Extraneous nitrogen sources were also screened by the OFAT approach. Nitrogen sources included ammonium chloride (NH₄Cl), potassium nitrate (KNO₃), ammonium nitrate (NH₄NO₃), bean processing effluent (BPE), corn steep liquor (CSL), peptone (PEP) and tryptone (TYP). Organic and inorganic nitrogen sources were added at 1% (w/v) to minimal medium supplemented with 1% (w/v) L-asparagine and selected carbon substrate. Effluent substrates were prepared as described in the section for carbon screening and used as also described. A control flask without extraneous nitrogen was also prepared. Experimental set-up, sterilization, inoculation, incubation, harvest, L-asparaginase activity assay and statistical analyses were as described under carbon screening.

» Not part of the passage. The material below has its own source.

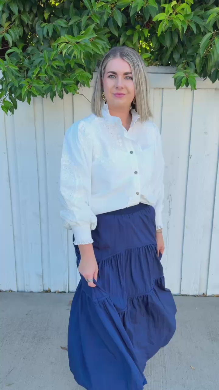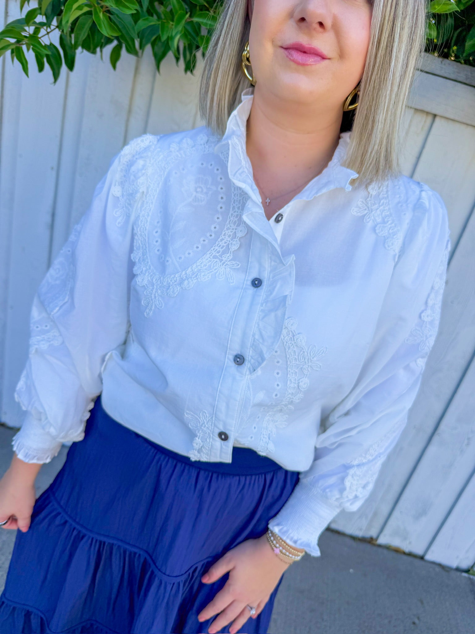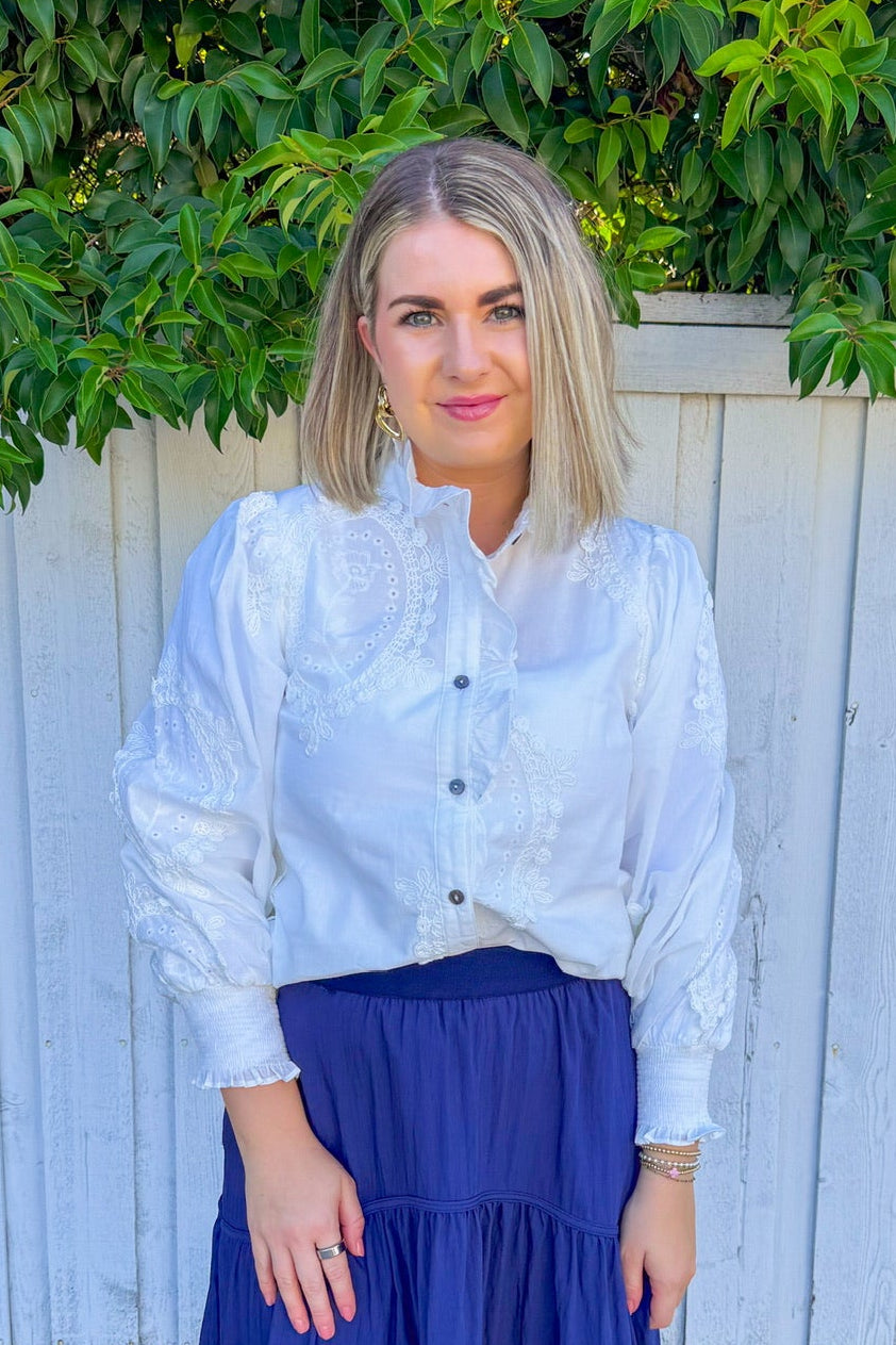 Effortlessly chic and undeniably flirty, this white blouse features delicate eyelet detailing and a front button closure that lets you control the vibe.

To select most suitable inoculum size (spore density) for the fermentation, inoculum sizes were screened by the OFAT approach by inoculating 3% (v/v) spore suspension of different inoculum sizes ranging from 10³ to 10⁹ spore-forming units per milliliter (sfu/mL) into minimal medium containing selected extraneous carbon and nitrogen substrates. Working spore concentrations were prepared by the spectrophotometric method as described in Ekpenyong et al. (2020a) and experimental set up, incubations, harvest, determinations of enzyme activity and statistical analyses were as described under carbon screening section.